DATA
• • • •

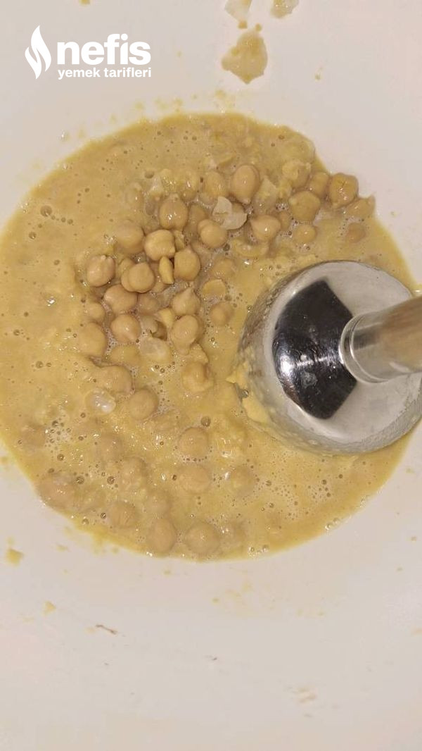 1. Haşlanmış nohut ,yoğurt ve yumurta blander ile güzelce ezilerek kek hamuru kıvamına getirilir.
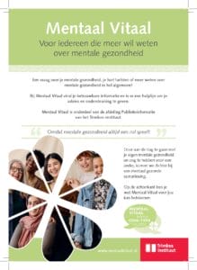 De flyer kan gratis gedownload worden om digitaal te verspreiden. Ook is het mogelijk om advies te krijgen over hoe de flyer het best ingezet kan worden. Neem hiervoor contact op met info@mentaalvitaal.nl.
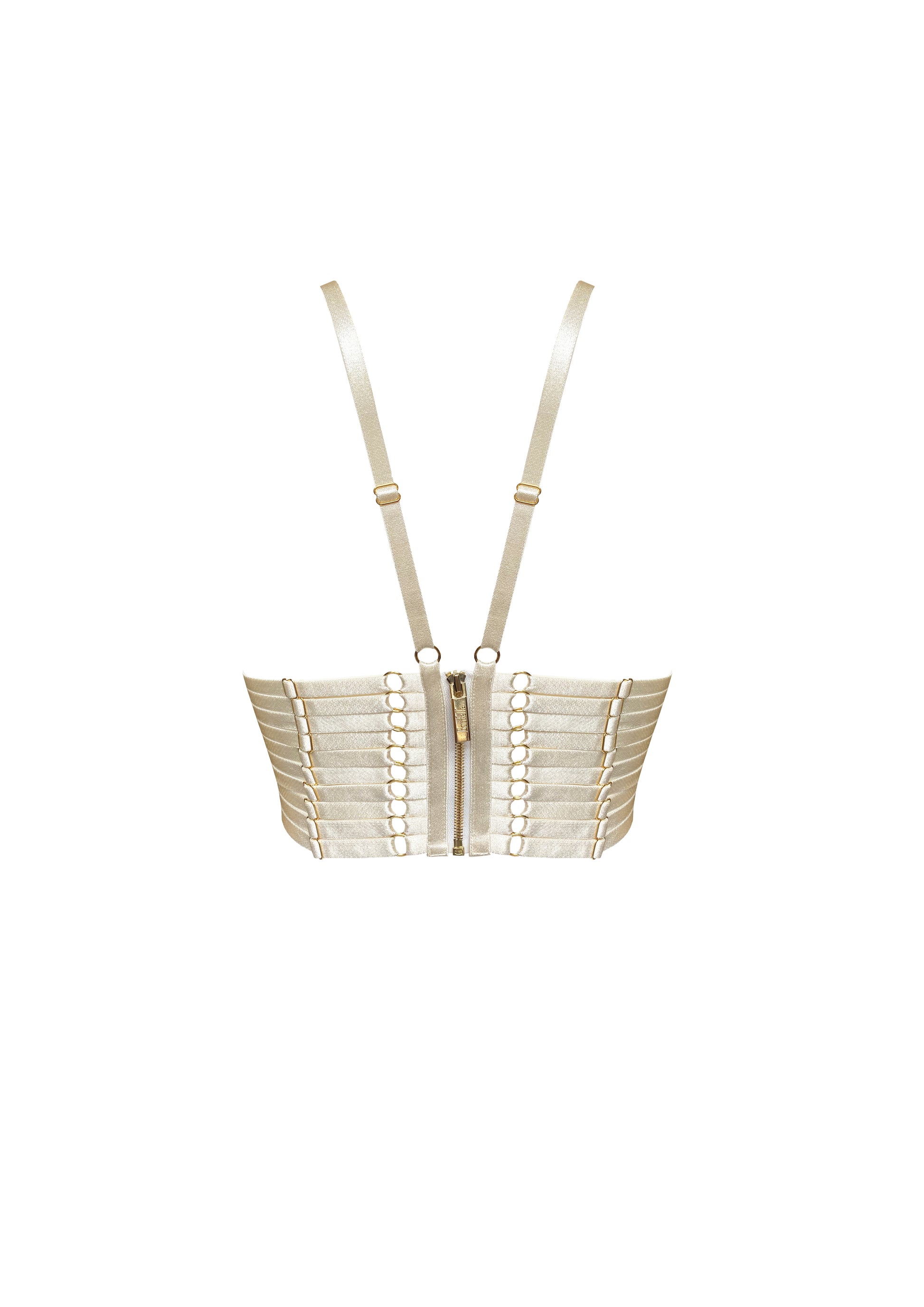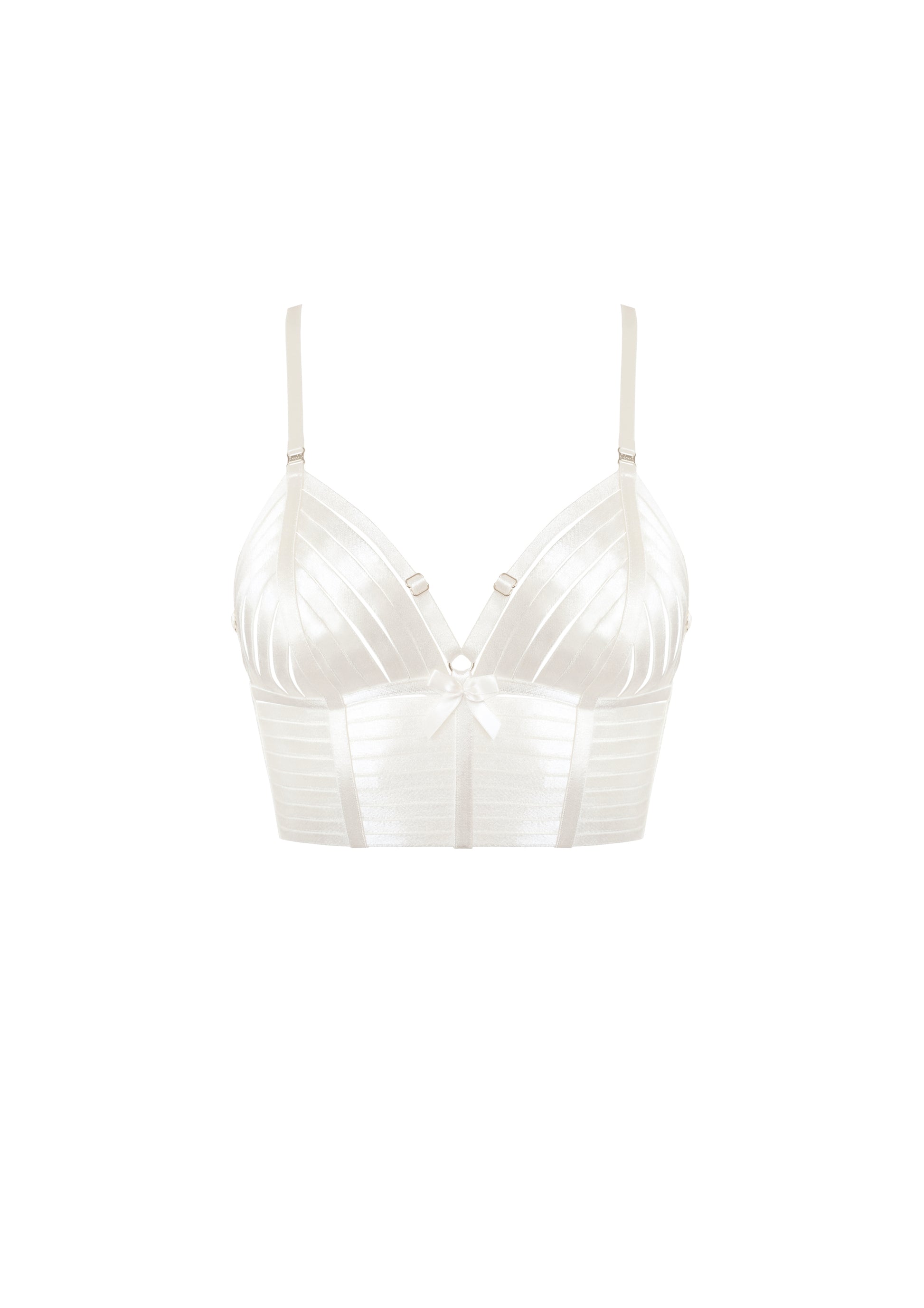 A best-selling style. This statement crop top predominantly comprises cream satin elastic strapping, with a soft mesh underlay on the cups designed to be seen. A non-wired longline bra with triangle cups that have a soft mesh lining for coverage and gentle support. Crafted almost entirely from signature satin elastic strapping, this style is designed to be seen and perfect for styling as outerwear.

• • • •

ABOUT THIS EXERCISE
One exact copy of the data, no pictures: write it out line for line.

ANSWER BOX
 1. Haşlanmış nohut ,yoğurt ve yumurta blander ile güzelce ezilerek kek hamuru kıvamına getirilir.
 De flyer kan gratis gedownload worden om digitaal te verspreiden. Ook is het mogelijk om advies te krijgen over hoe de flyer het best ingezet kan worden. Neem hiervoor contact op met info@mentaalvitaal.nl.
 A best-selling style. This statement crop top predominantly comprises cream satin elastic strapping, with a soft mesh underlay on the cups designed to be seen. A non-wired longline bra with triangle cups that have a soft mesh lining for coverage and gentle support. Crafted almost entirely from signature satin elastic strapping, this style is designed to be seen and perfect for styling as outerwear.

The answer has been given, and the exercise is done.